*** Supplied information ***
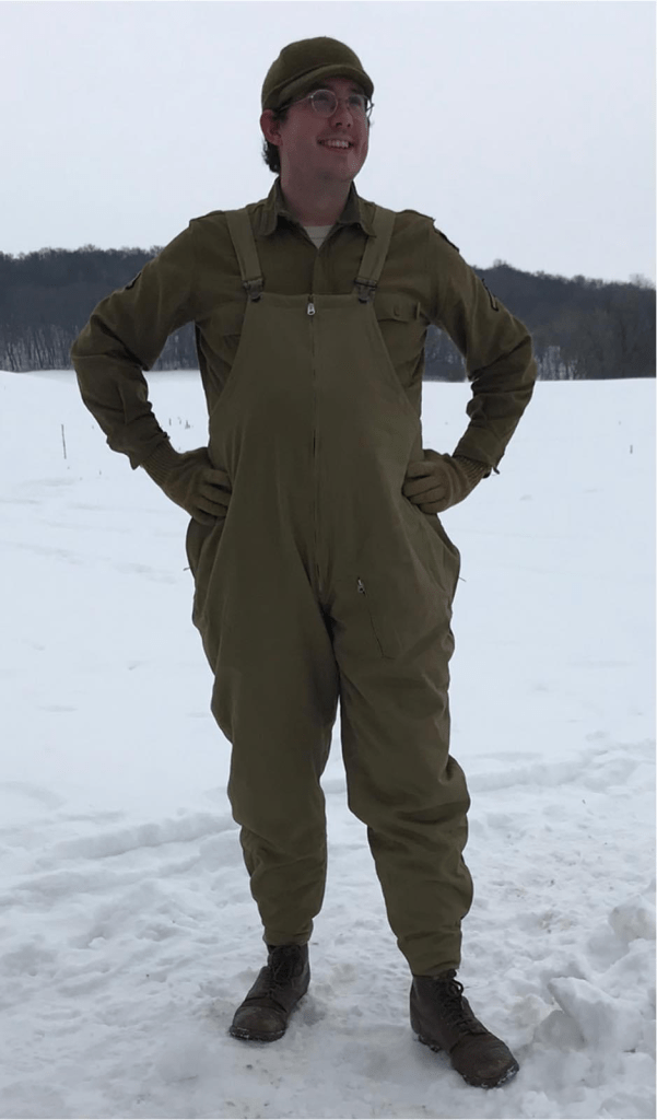 As I’ve been crawling through the 1st Engineer Combat Battalion archives, I discovered that the combat engineers were issued with Trousers, Combat, Winter (aka “the tanker bib”) during the 1943 Tunisian Campaign. By all accounts, the campaign was frightfully cold, and soldiers tried to acquire everything they could find—overcoats, scarves, hats, long underwear—just to keep warm in the desert. In February 1943, they even experienced a snow storm!
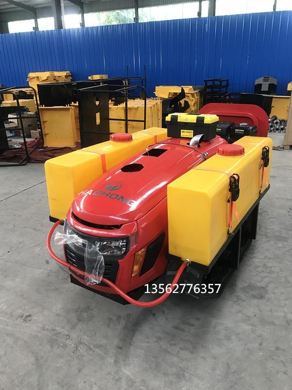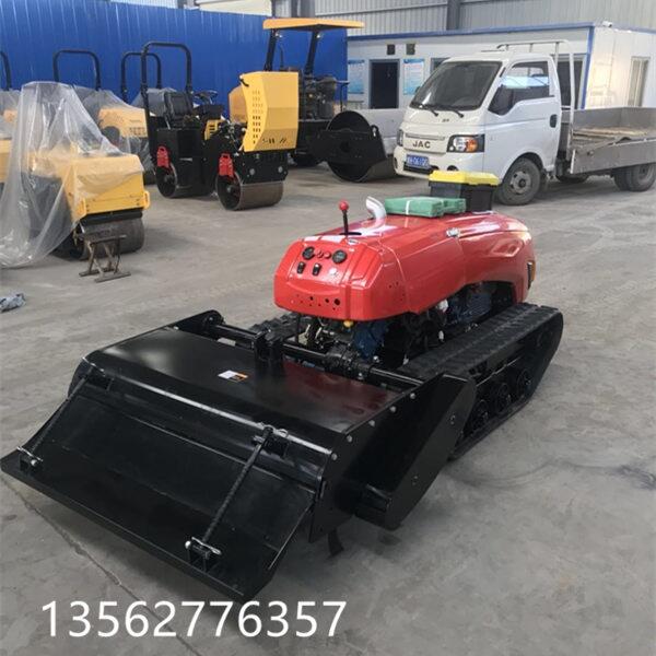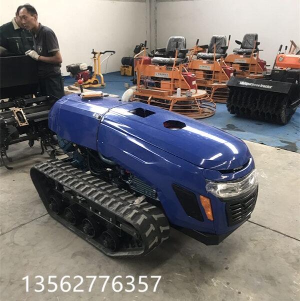 主机技术参数长含旋耕230公分宽主机 92公分高有机罩 85公分变速档位包含3前+1倒X高低档转弯半径 170公分整机速度范围为0.6到 5.6千米每小时动力采用32马力单缸水冷柴油机 爬坡能力能达到30度电启动打火操纵形式采用手动+遥控相结合的方式履带轨间距为 75公分遥控距离能达到 100米地盘离地间隙17公分遥控器电源使用两节5号干电池(3伏)履带为金属履带,特殊需求可定制为橡胶履带接收器电源使用车载电瓶(12伏)组成;旋耕机主要由发动机、减速齿轮、行走机构、松土刀加厚锰钢深度调节机构等组成。发动机提供动力,通过减速齿轮轴连接。工作部件由刀盘和立式松土刀组成,分为两组,由减速齿轮带动。深度调节机构由手柄、链轮链条组成通过机架高度实现松土深度的调节。销售经理:浩鸿黄薇。
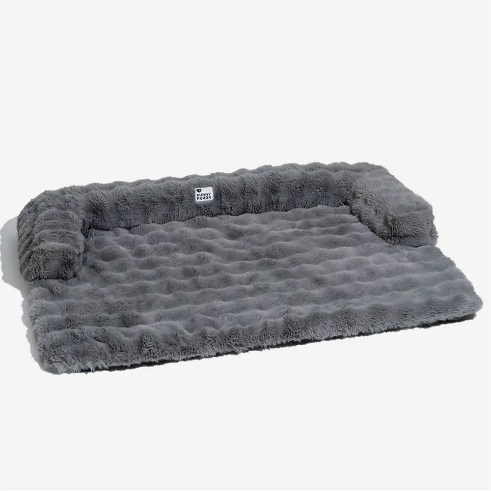 Fluffy Plush Calming Dog Cat Pet Bed Sofa Protective Pet Mat Size M Gray
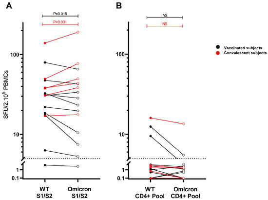 Ex vivo T-cell responses against Omicron BA.1 whole spike protein are relatively preserved in most prior-vaccinated and convalescent individuals. The SARS-CoV-2-specific IFN-ɣ+ T-cell response was measured by ELISPOT assay. PBMCs of vaccinated (n = 10; black dots/lines) and convalescent individuals (n = 6; red dots/lines) were directly stimulated with (A) a pool of overlapping peptides for the entire spike protein (S1 + S2) corresponding to the D614G wild-type (WT) strain versus the Omicron BA.1 variant or with (B) a pool of selected CD4+ T-cell epitope candidates from WT strain versus the corresponding sequences of the Omicron BA.1 variant. Each pair of dots connected with line represents SARS-CoV-2-specific IFN-ɣ+ T-cell response of one subject responding to WT (closed dots) versus Omicron BA.1 peptides (open dots). Dotted line indicates threshold for IFN-ɣ-positive responses. Pairwise comparison of T-cell responses to WT and Omicron BA.1 peptide pools assessed by Wilcoxon signed-rank T test revealed a significant difference in response in vaccinees (reduction in response to overlapping S1/S2 Omicron peptide pool; p = 0.018) and convalescent subjects (increased response to S1/S2 Omicron peptide pool; p = 0.031). SFU—spot forming units.
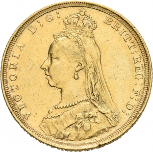 Reverse: Der Heilige Georg, den Drachen niederreitend. Im Abschnitt 1890. Rechts daneben die Initialen B. P. (Benedetto Pistrucci). Auf der Abschnittsleiste das Münzstättenzeichen S für Sidney.
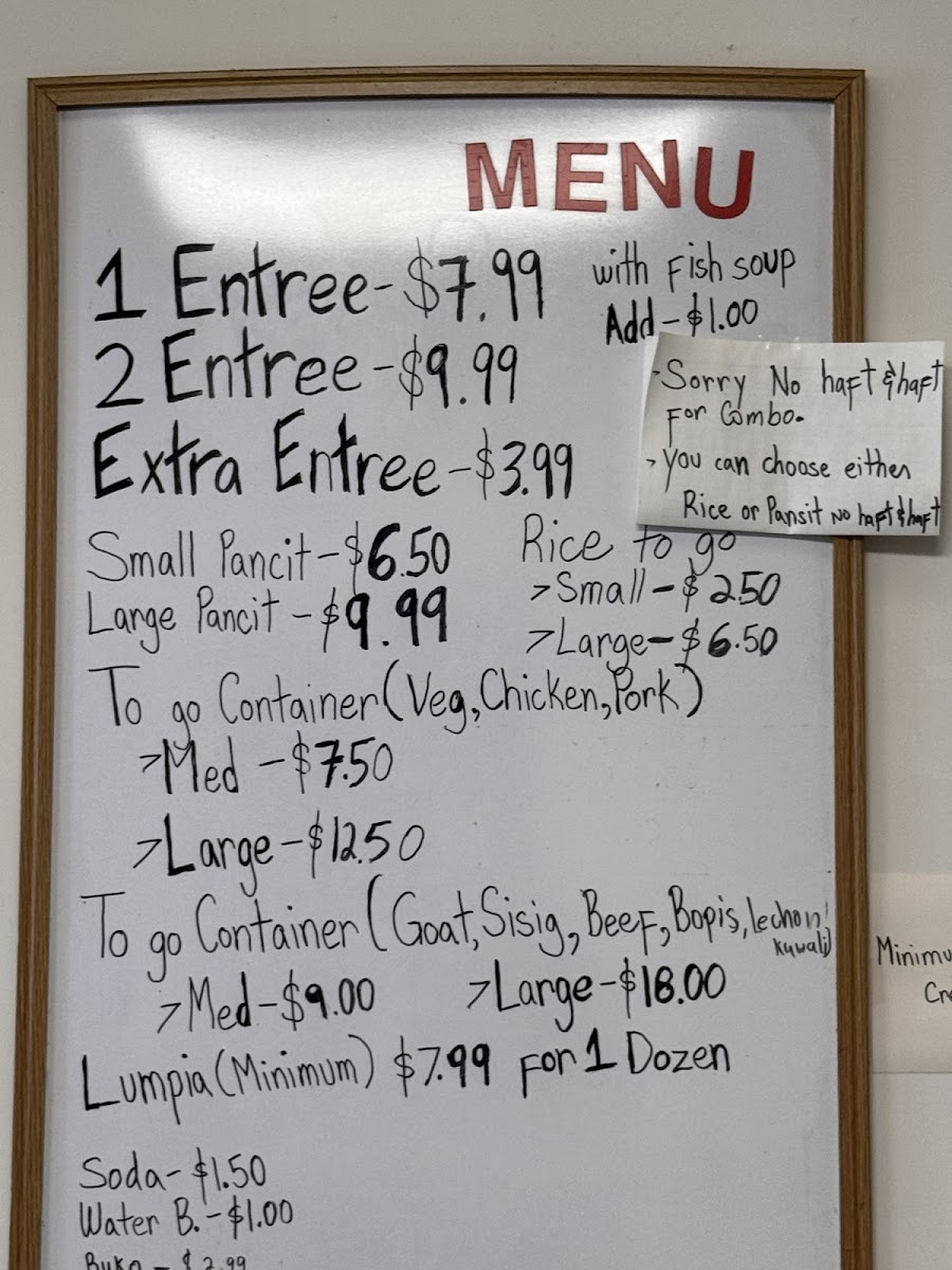 “ The food itself was delicious and reminded me of my Lola’s cooking, but I wish they had more selections. There were only a few choices on a Saturday afternoon. The service was great and the worker was super friendly. Like others have mentioned, the portions are HUGE! There’s plenty of pancit in a 2 item combo to split with someone if you only want 1 entree each. And for $9.99?! It’s a great deal! ”
*** End of Supplied information ***
Directions
Print exactly the lines from the first line of the records above through the line containing "Fluffy Plush Calming", leaving out the pictures.

Answer space
 As I’ve been crawling through the 1st Engineer Combat Battalion archives, I discovered that the combat engineers were issued with Trousers, Combat, Winter (aka “the tanker bib”) during the 1943 Tunisian Campaign. By all accounts, the campaign was frightfully cold, and soldiers tried to acquire everything they could find—overcoats, scarves, hats, long underwear—just to keep warm in the desert. In February 1943, they even experienced a snow storm!
 主机技术参数长含旋耕230公分宽主机 92公分高有机罩 85公分变速档位包含3前+1倒X高低档转弯半径 170公分整机速度范围为0.6到 5.6千米每小时动力采用32马力单缸水冷柴油机 爬坡能力能达到30度电启动打火操纵形式采用手动+遥控相结合的方式履带轨间距为 75公分遥控距离能达到 100米地盘离地间隙17公分遥控器电源使用两节5号干电池(3伏)履带为金属履带,特殊需求可定制为橡胶履带接收器电源使用车载电瓶(12伏)组成;旋耕机主要由发动机、减速齿轮、行走机构、松土刀加厚锰钢深度调节机构等组成。发动机提供动力,通过减速齿轮轴连接。工作部件由刀盘和立式松土刀组成,分为两组,由减速齿轮带动。深度调节机构由手柄、链轮链条组成通过机架高度实现松土深度的调节。销售经理:浩鸿黄薇。
 Fluffy Plush Calming Dog Cat Pet Bed Sofa Protective Pet Mat Size M Gray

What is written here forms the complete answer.